Lissen: What coulda happened, did.

Basic facts on the Taiping ['Great Peace'] Rebellion: from its origins in a backwater of Guangxi province in the mid-1840s, through the siezure of Nanjing in 1853, and until the Movement's defeat in 1864, killed some 10-20 million people (some say more), came pretty close to overthrowing the Qing dynasty, and produced a model for 20th century revolutions.

At the heart of the Heavenly Kingdom's rise were a failed Imperial Examination candidate (Hong Xiuquan), several evangelical Protestant missionaries, and a miscellaneous cast of pirates and local gentry. Economic pressures exacerbated by European trading activities played a part as well, and so did Qing decline. But this story is a wonderful example of one of the great Lessons of History: Things Happen for Reasons. And, to put it another way, Accidents Happen.
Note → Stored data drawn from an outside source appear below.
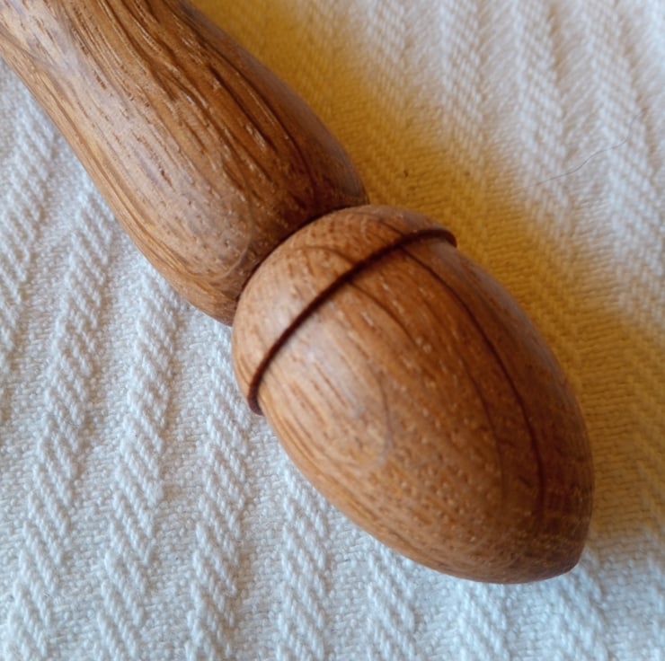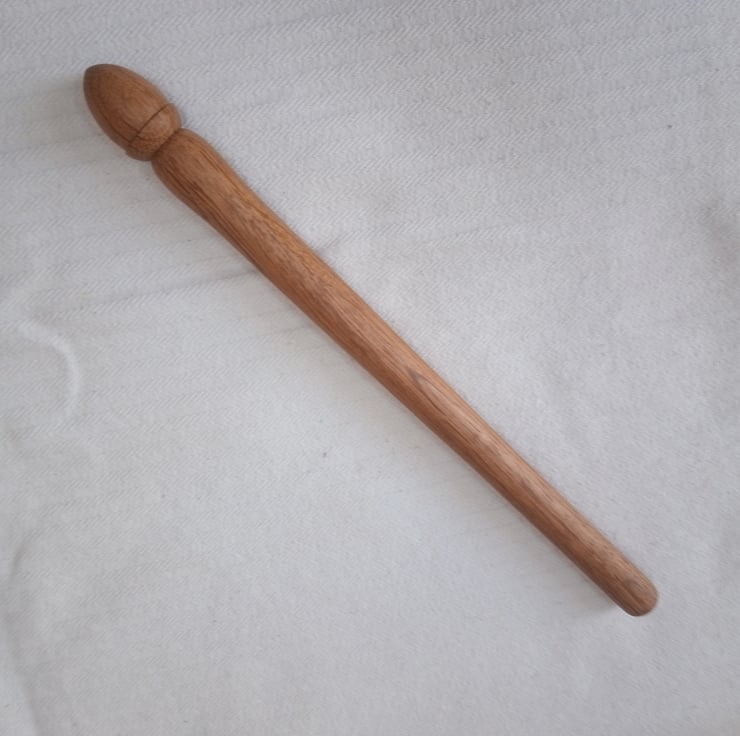 English pattern porridge stirrer. Also good for sauces, mixtures etc. Made from Oak over 120 years old which I reclaimed when we had our Victorian sashes replaced with double glazing. Has dbeautiful markings in the grain so a beautiful useful little kitchen accessory. Measures approximately 11.5inches (29cm) long. Available in Sycamore - a stunning pale blonde colour - or oak as shown here. There are slight differences in all the grain patterns due to the natural nature of wood!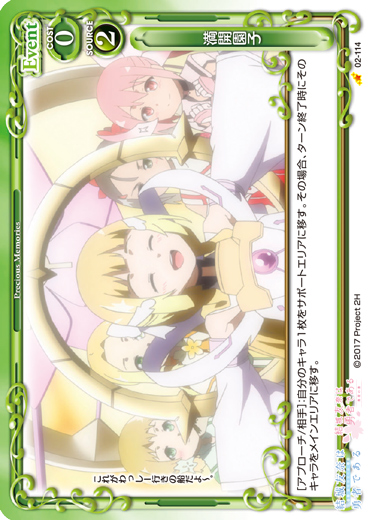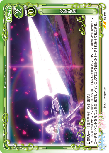 | 〔EXカード〕《使用条件》:「乃木 園子」[メイン/自分]:LV5以上の自分の「乃木 園子」1枚を指定する。このターン、指定したキャラがアプローチでポイントを与えた場合、相手はメインエリアにいる自分のキャラ1枚を捨て札にする。 | ||
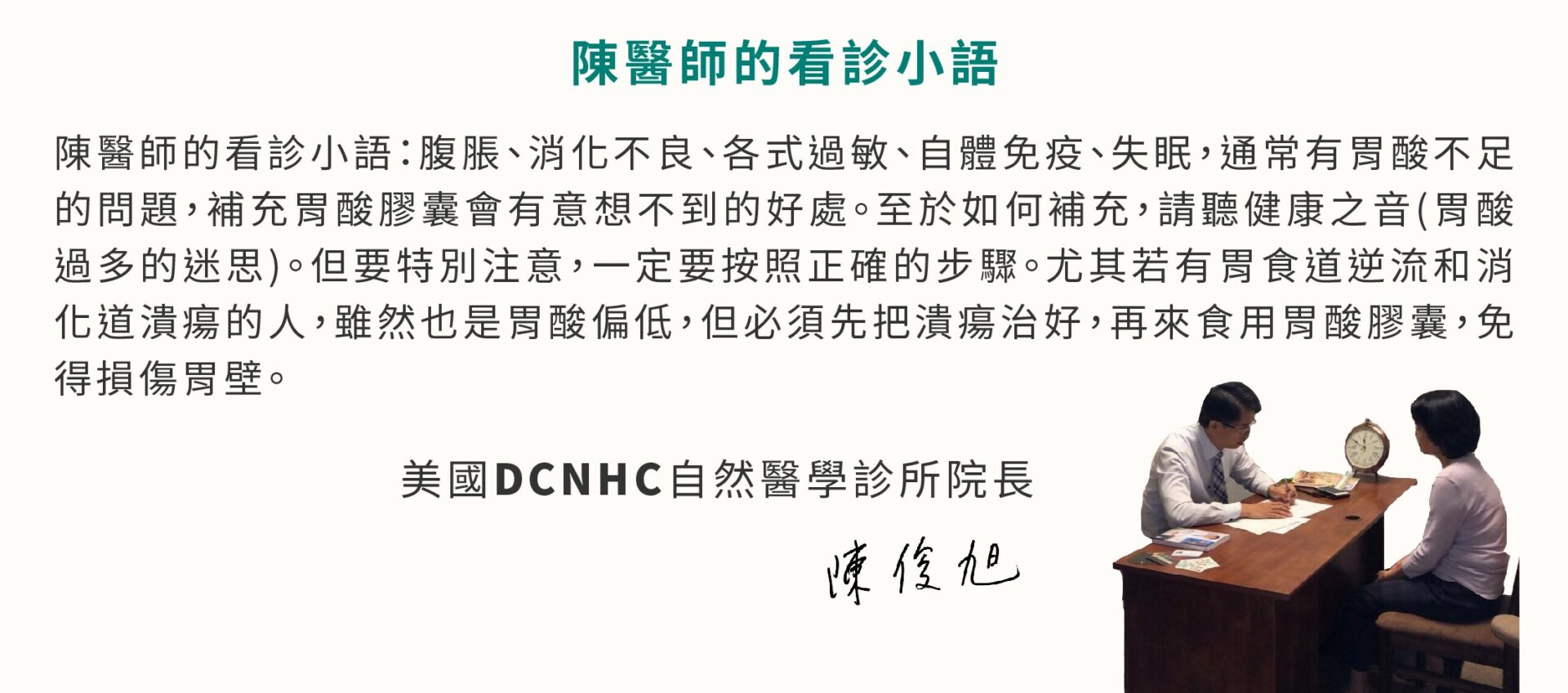 說明:消化不良可能由許多因素引起,像是胃中鹽酸(HCl)含量不足。胃中的鹽酸(HCl)分泌確實有幾個正面的作用。通過活性胃蛋白酶幫助蛋白質消化、使胃抵抗攝入的病原體、抑制小腸中生長、並且它促進膽汁和胰臟酵素的流動。

from Chinese Cultural Studies: The Taiping Rebellion, 1851-1864 ("an excerpt from the basic document of the Taiping Kingdom, called "The Land System of the Heavenly Kingdom." published in 1853.")

...All the fields in the empire are to be cultivated by all the people alike. If the land is deficient in one place, then the people must be removed to another, and if the land is deficient in another, then the people must be removed to this place. All the fields throughout the empire, whether of abundant or deficient harvest, shall be taken as a whole: if this place is deficient, then the harvest of that abundant place must be removed to relieve it, and if that place is deficient, then the harvest of this abundant place must be removed in order to relieve the deficient place; thus, all the people in the empire may together enjoy the abundant happiness of the Heavenly Father, Supreme Lord and Great God. There being fields, let all cultivate them; there being food, let all eat; there being clothes, let all be dressed; there being money, let all use it, so that nowhere does inequality exist, and no man is not well fed and clothed.

Reverend Issachar Jacox Roberts and the Taiping Rebellion Yuan Chung Teng Journal of Asian Studies, Vol. 23, No. 1. (Nov., 1963), pp. 55-67.

a summary of the story

Christ's Brother Goes to China (historyhouse.com)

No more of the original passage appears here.